When I was working as Manager of the Australian Newspapers Digitisation Program I led the development of two pieces of software: the Digital Newspaper Content Management System and the Australian Newspapers Delivery Service. Quite early in the process of developing the public delivery system concerns were raised by the National, State and Territory Libraries of the poor quality of the newspaper OCR text, which negatively effected public searching. In a team brainstorming session we came up with the idea of opening up the OCR text for public correction and improvement. We developed our own software to do this. Because we knew that what we were doing was quite groundbreaking at the time, may be very useful for other archives and libraries, and no ‘off the shelf’ software existed to do this, we made a decision to share the code as open-source. The code was developed by Kent Fitch Director of Project Computing: System Architect for the National Library of Australia, ably assisted by Ninh Nguyen, programmer at the National Library of Australia. They created a fantastic service for Australians. The public interface for delivery of newspapers and text correction was designed, developed and tested on real users in a matter of weeks by Alexi Paschalidis Creative Director of Oxide Interactive .
Over the course of the next two years I had approaches from about 20 National Libraries from around the world asking if they could have the code. Although we said yes every time, I was disappointed that to the best of my knowledge no library actually implemented public text correction by using or adapting our open source software as we had hoped. This mainly seemed to be because libraries other than us were still very unsure about “allowing” user edits, crowdsourcing, public interaction - whatever you want to call it. Giving user’s freedom over data, rather than retaining tight control seemed to be a daunting prospect for libraries and a step they didn’t want to take. Several commented they would like a bit more time to observe whether our user activity was a ‘fad’ before committing to doing the same. For this reason only three libraries as far as we were aware even got to the stage of having their IT support download the open source code from the National Library of Australia’s ‘LibraryForge’ website. True it would have been quite difficult for a library to implement and adapt our code to hook into a content management system, but this did not seem to be the reason for the low uptake. We never shared the code on the newspaper content management system because our philosophy was to only share code once the product was in a ready state and usable, and the content management system was under constant development for three years. Now after four years the National Library of Australia has decided to remove the open-source code for Australian Newspapers from its download site.

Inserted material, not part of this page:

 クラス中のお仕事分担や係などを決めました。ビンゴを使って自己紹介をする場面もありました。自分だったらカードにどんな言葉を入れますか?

However all is not lost for libraries wanting to have software for text correction or to deliver newspapers and journals, since I was recently alerted to the fact that a New Zealand company had developed software to replicate the text correction functionality of Australian Newspapers. DL Consulting are selling a product called Veridian, which has already been installed by some US libraries. The company has a background in newspaper software development having been involved in a very early open source digital product called ‘Greenstone’ which was used to deliver Maori Newspapers from the University of Waikato back in 2002. I remember the service well from my time working at the University of Auckland . The digital full-text search access was groundbreaking for the Maori, history and research community.
Kent Fitch has continued to work for the National Library of Australia on system architecture and went on to lead development of Trove and integrate the Newspapers service into it. Kent has worked as a programmer for over 30 years. Since 1982 he has been a principal of the Canberra software development company, Project Computing Pty Ltd. Kent has developed many commercial systems and communications packages and custom software for many clients. In the past ten years, his work has focused on library-related systems including AustLit, NLA Newspapers Digitisation, and Trove.
Last week Kent gave a presentation to the Australian Computer Society called ‘Scaling up: the technology behind the NLA's newspaper digitisation andthe Trove search service.’ where he describes in more detail some of the technical aspects.